Menigten, menigten in het dal des dorswagens; want de dag des HEEREN is nabij, in het dal des dorswagens.
15 Sol et luna obtenebrati sunt, et stellæ retraxerunt splendorem suum.
De zon en maan zijn zwart geworden, en de sterren hebben haar glans ingetrokken.
16 Et Dominus de Sion rugiet, et de Jerusalem dabit vocem suam, et movebuntur cæli et terra; et Dominus spes populi sui, et fortitudo filiorum Israël.
En de HEERE zal uit Sion brullen, en uit Jeruzalem Zijn stem geven, dat hemel en aarde beven zullen; maar de HEERE zal de Toevlucht Zijns volks, en de Sterkte der kinderen Israels zijn.
17 Et scietis quia ego Dominus Deus vester, habitans in Sion monte sancto meo; et erit Jerusalem sancta, et alieni non transibunt per eam amplius.

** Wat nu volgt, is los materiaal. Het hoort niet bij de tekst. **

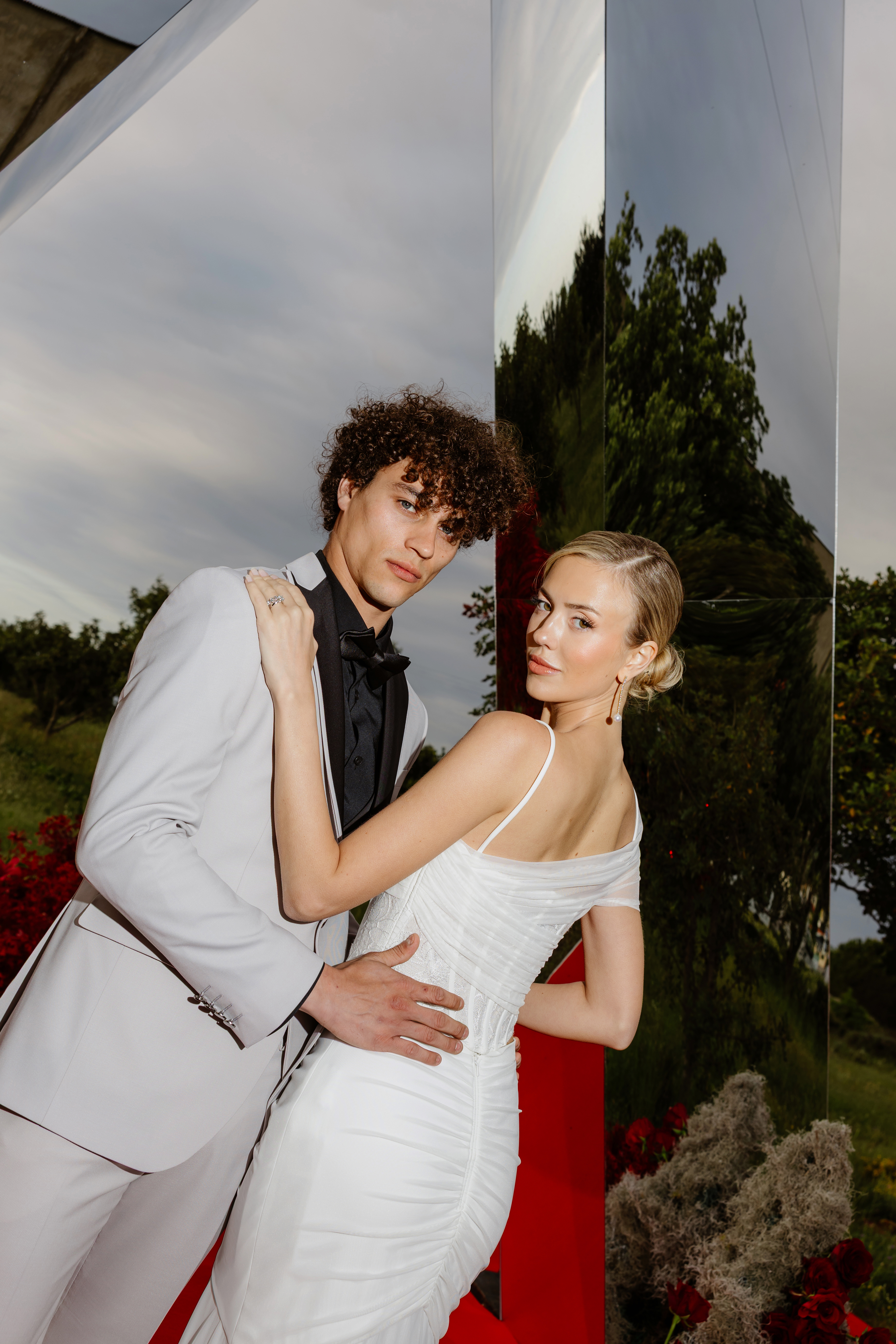 Fashion plays its own bold role in this futuristic tableau. The bride's Prova Bridal gown drapes fluidly beneath the towering mirror arch, its silhouette offering movement and grace that contrasts beautifully with the architectural precision surrounding it. The fabric catches light like water, creating its own reflections within the already mirror-filled space.
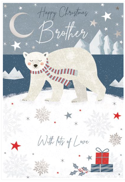 Original price £1.99 - Original price £1.99Original price£1.99£1.99 - £1.99Current price £1.99| /Send playful Christmas cheer to your brother with this charming card from Kingfisher Cards. Featuring a polar bear...

En gijlieden zult weten, dat Ik de HEERE, uw God ben, wonende op Sion, den berg Mijner heiligheid; en Jeruzalem zal een heiligheid zijn, en vreemden zullen niet meer door haar doorgaan.
18 Et erit in die illa: stillabunt montes dulcedinem, et colles fluent lacte, et per omnes rivos Juda ibunt aquæ; et fons de domo Domini egredietur, et irrigabit torrentem spinarum.
En het zal te dien dage geschieden dat de bergen van zoeten wijn zullen druipen, en de heuvelen van melk vlieten, en alle stromen van Juda vol van water gaan; en er zal een fontein uit het huis des HEEREN uitgaan, en zal het dal van Sittim bewateren.
19 Ægyptus in desolationem erit, et Idumæa in desertum perditionis, pro eo quod inique egerint in filios Juda, et effuderint sanguinem innocentem in terra sua.
Egypte zal tot verwoesting worden, en Edom zal worden tot een woeste wildernis, om het geweld, gedaan aan de kinderen van Juda, in welker land zij onschuldig bloed vergoten hebben.
20 Et Judæa in æternum habitabitur, et Jerusalem in generationem et generationem.
Maar Juda zal blijven in eeuwigheid, en Jeruzalem van geslacht tot geslacht.
21 Et mundabo sanguinem eorum, quem non mundaveram; et Dominus commorabitur in Sion.
En Ik zal hunlieder bloed reinigen, dat Ik niet gereinigd had; en de HEERE zal wonen op Sion.